Quiet fell between them, the slowing of heartbeats. After a while Castiel could tell from the steadiness of Dean's breaths that he'd fallen asleep.
Sleep eluded Castiel, but that was all right.
____
In the parking lot outside Honey Dew Donuts, Sam faced his brother trying to decide if he should let Dean win this or not. He had no real preference whether they went to Walmart or Home Depot to get a bunch of small fire extinguishers, but Dean loose in a place with a lot of power tools seemed like a bad idea. Not because he had no idea what to do with them, but because he did. And Home Depot likely had a lot more of them than Walmart, and Dean might get lost for hours looking at table saws and power drills he was never going to buy.
Standing between them, Castiel watched their hands intently as if he intended to referee this round of rock-paper-scissors or was worried they might start throwing punches at each other.
Sam threw rock, Dean threw scissors, and Sam tapped his fist over the back of Dean's hand as Dean let out a deep sigh.
"Fine. Walmart," he said with a mournful glance in the direction of the Home Depot.
It had been Dean's idea to get the fire extinguishers. "Fire-based creatures, whatever these things are, right?" Dean had said over breakfast in the diner. "We don't know if bullets can hurt them or not. So…" He'd grinned. "Why don't we get some of those small fire extinguishers? We can stick them in our pockets, and then we get close enough, spray the suckers with some sodium bicarbonate."
"I've always rather liked Walmart," Castiel said. Sam remembered taking him there right before Christmas, following the angel up and down the aisles as he tried to puzzle out what to buy for Dean. He had seemed to enjoy it, especially the aisle with the notebooks, pens, and art supplies. Sam smiled, remembering the fuzzy green socks Cas picked out for Dean.

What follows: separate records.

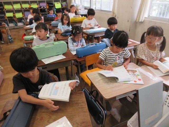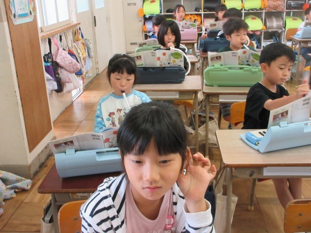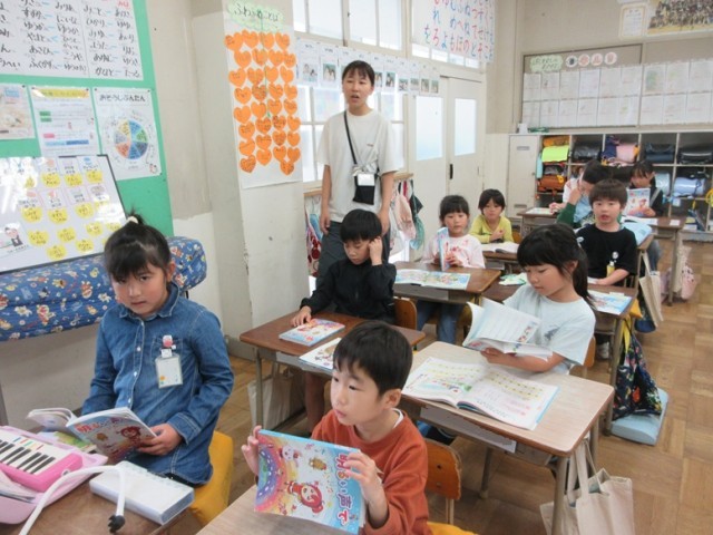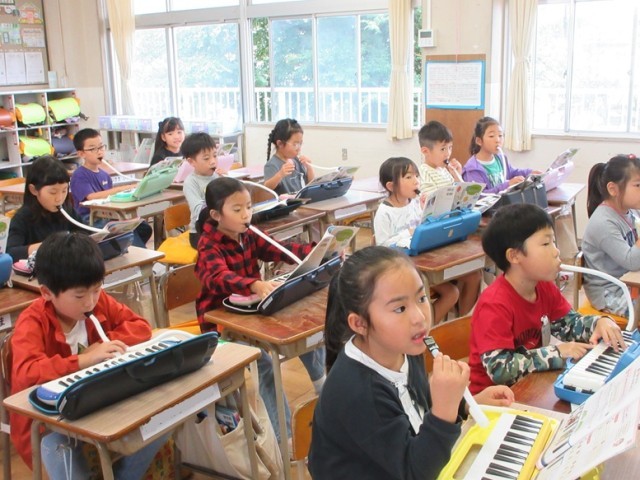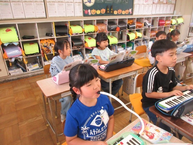 1年生は音楽の学習です。1組は、「どんぐりさんのおうち」にあわせて、「レモンさんのおうち~どこでしょう?」と先生。みんなもレモンさんのおうちを探して、楽しみながら音を出していました。
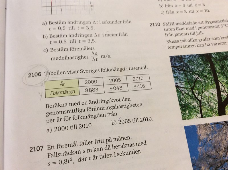 Här har vi fråga 2106. Jag hittade medelförändringen och den är 53.3 i fallet a, men frågan är om skillnaden per år. I Facit står det 53 300 pers per år. Då förstår jag att man ska gånga med 1000 men förstår inte meningen varför 1000?
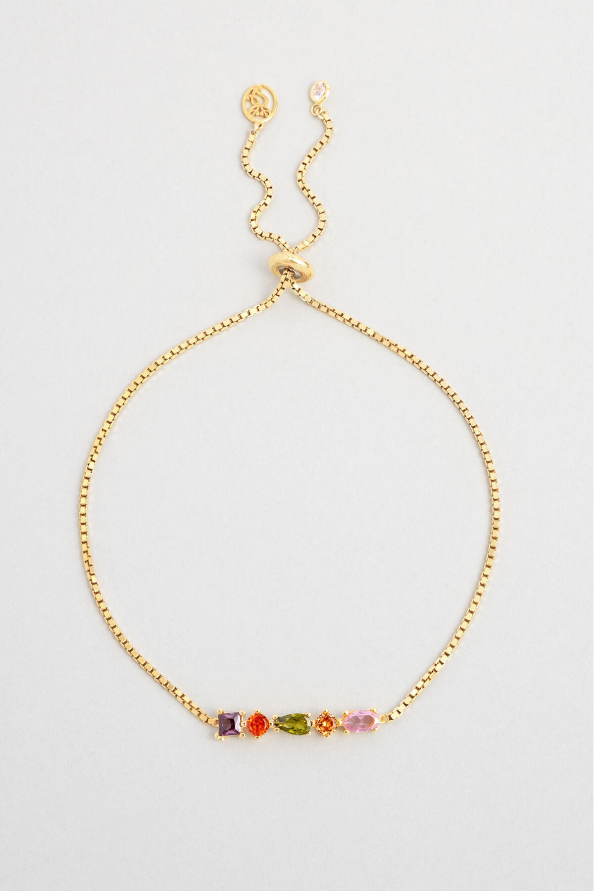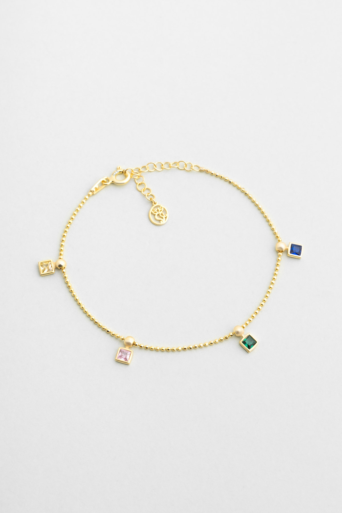 Renkli Taşlar 18 Ayar Sarı Altın Kaplama 19 Cm Gümüş Bileklik Renkli Taşlar 18 Ayar Sarı Altın Kaplama 19 Cm Gümüş Bileklik 07283291344 تک سایز
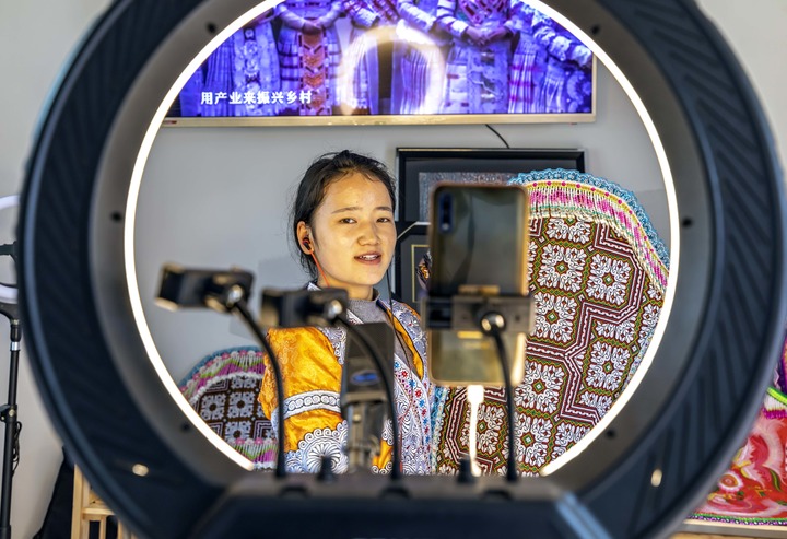 几千公里外,贵州毕节,“悬崖下的村寨”化屋村里,青春靓丽的“阿哥阿姐”借助电商直播,让特色苗绣源源不断飞出深山,走向全国。
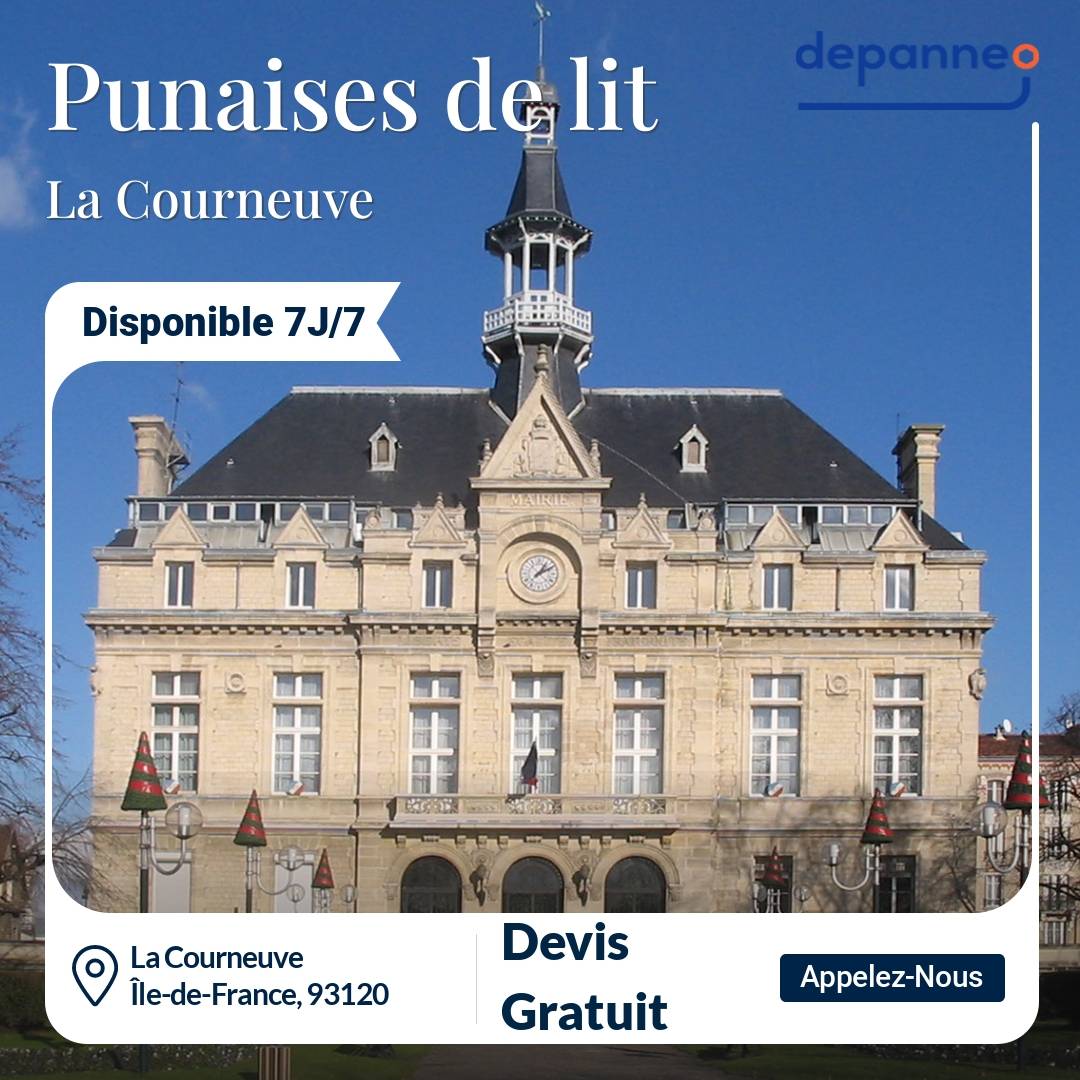 Ne sous-estimez jamais une infestation de punaises de lit à la Courneuve. La présence de ces insectes dans votre literie peut vous rendre la vie difficile. Ces insectes interrompent votre sommeil par leurs piqûres. Ils vous provoquent de l’anxiété, des crises d’urticaire et des réactions allergiques. Il est donc plus sage de contacter un spécialiste expérimenté pour les éradiquer complètement. Nos techniciens sont sélectionnés pour leurs qualifications, mais également pour les prix attractifs qu’ils proposent et pour leur renommée. Ils vous assurent des prestations de haut niveau sous 24 heures, que vous habitiez dans le quartier du Bourget, de la Fauconnière, des 4000, près de la Tour ou dans le centre-ville. Vous avez un commerce ou un établissement d’hôtellerie dans l’avenue Waldeck Rochet ou la rue de la Convention ? Vous avez observé des punaises de lit dans votre habitation ou votre logement collectif de la rue Edgar Quinet ou de la rue Henri Barbusse ? Contactez rapidement Depanneo ! Nos experts interviennent pour votre expertise de locaux. Ils trouvent les recoins dans lesquels se cachent vos punaises de lit à la Courneuve et élaborent une stratégie minutieuse. De plus, ils sélectionnent avec vous la technique la plus efficace pour exterminer vos parasites : traitement à l’azote liquide, traitement thermique, aspiration, traitement chimique, etc.

"We need more rock salt too." Sam held out his hand for the bag of donuts, and Dean handed it over. "The one we've got is getting low."
"Been a while since we dealt with anything that could be solved with salt," Dean said.
"Those were the days."
This case, with all its research and its surface appearance of just another monster hunt, offered the comfort of routine. The trips to hardware stores or Walmarts to buy rock salt and supplies were familiar ground; in the long string of family memories related to hunting, it was one of the few things Sam hadn't associated with fear, endless waiting, wounds to stitch, anxiety. He and Dean messing around with a shopping cart with Dad telling them to behave, all of them working together to load up the car afterwards, and then a trip to a pizza place or even a movie if Dad had enough money in his pockets. Just another family visiting the mall, sure, and yet it had felt like more at times.
Inside the Walmart, Castiel grabbed a shopping cart, and while Sam had never once seen him handle one, he maneuvered it with assurance. It seemed more and more natural to have him around, less and less strange seeing him in jeans and t-shirts instead of that same old suit, tie, and trenchcoat.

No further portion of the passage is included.